▶ **What this task involves**:
Nothing but the lines from the start of the data through the line with "W przyszłą niedzielę" should appear in the answer, each retyped exactly, and pictures should not.

● ● ● ●

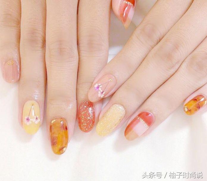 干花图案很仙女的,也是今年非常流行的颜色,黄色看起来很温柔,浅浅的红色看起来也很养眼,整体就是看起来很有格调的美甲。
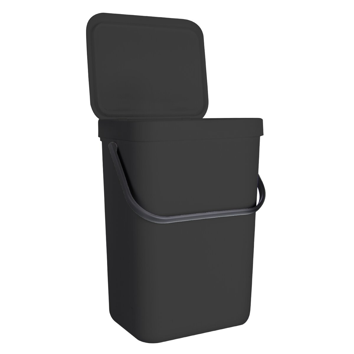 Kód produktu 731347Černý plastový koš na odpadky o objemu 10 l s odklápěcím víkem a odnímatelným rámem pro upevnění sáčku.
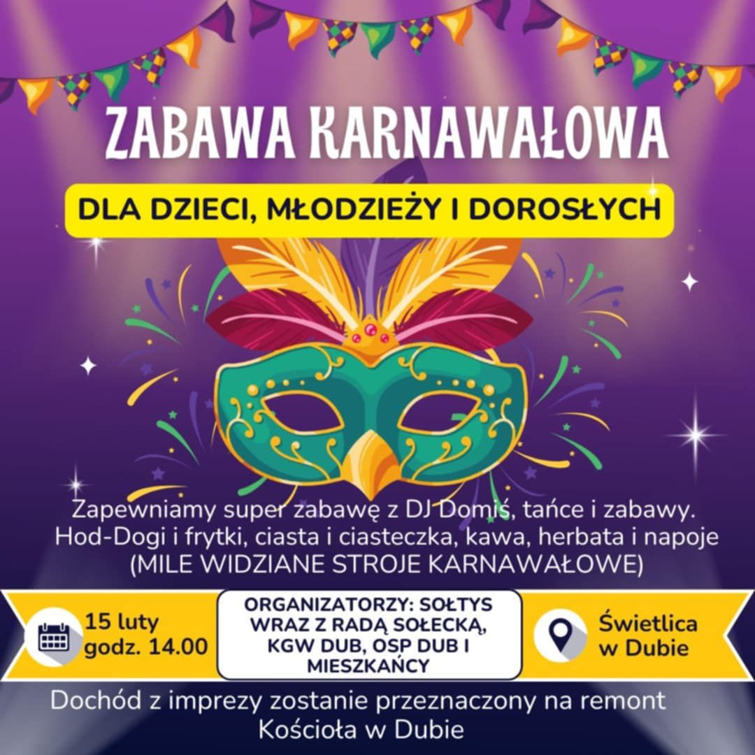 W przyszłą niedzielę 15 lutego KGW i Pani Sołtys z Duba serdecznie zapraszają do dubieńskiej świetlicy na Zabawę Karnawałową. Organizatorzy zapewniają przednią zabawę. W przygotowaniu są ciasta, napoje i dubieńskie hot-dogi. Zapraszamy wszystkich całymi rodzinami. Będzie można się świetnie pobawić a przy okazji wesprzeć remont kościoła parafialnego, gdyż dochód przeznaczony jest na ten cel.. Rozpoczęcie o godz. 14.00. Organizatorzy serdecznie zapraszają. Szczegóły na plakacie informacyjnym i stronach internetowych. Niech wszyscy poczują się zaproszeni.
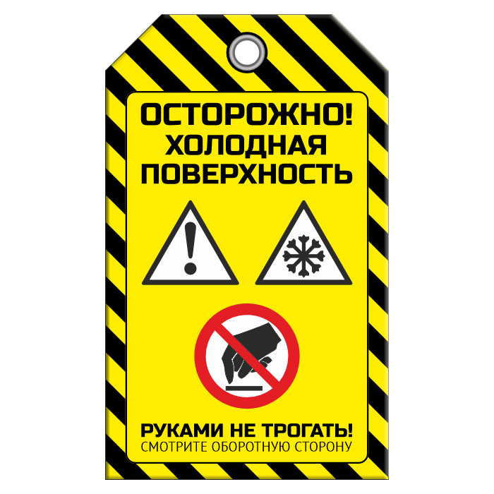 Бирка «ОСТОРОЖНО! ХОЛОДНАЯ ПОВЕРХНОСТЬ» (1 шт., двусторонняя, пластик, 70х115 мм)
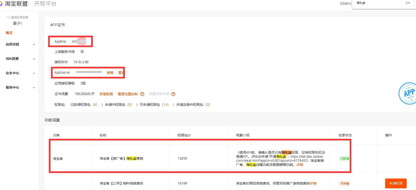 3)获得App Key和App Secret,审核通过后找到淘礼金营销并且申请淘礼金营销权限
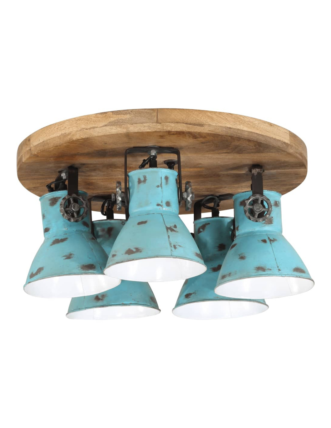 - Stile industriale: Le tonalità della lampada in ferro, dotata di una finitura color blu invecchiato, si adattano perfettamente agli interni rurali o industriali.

● ● ● ●

▶ **Result for this task**:
 干花图案很仙女的,也是今年非常流行的颜色,黄色看起来很温柔,浅浅的红色看起来也很养眼,整体就是看起来很有格调的美甲。
 Kód produktu 731347Černý plastový koš na odpadky o objemu 10 l s odklápěcím víkem a odnímatelným rámem pro upevnění sáčku.
 W przyszłą niedzielę 15 lutego KGW i Pani Sołtys z Duba serdecznie zapraszają do dubieńskiej świetlicy na Zabawę Karnawałową. Organizatorzy zapewniają przednią zabawę. W przygotowaniu są ciasta, napoje i dubieńskie hot-dogi. Zapraszamy wszystkich całymi rodzinami. Będzie można się świetnie pobawić a przy okazji wesprzeć remont kościoła parafialnego, gdyż dochód przeznaczony jest na ten cel.. Rozpoczęcie o godz. 14.00. Organizatorzy serdecznie zapraszają. Szczegóły na plakacie informacyjnym i stronach internetowych. Niech wszyscy poczują się zaproszeni.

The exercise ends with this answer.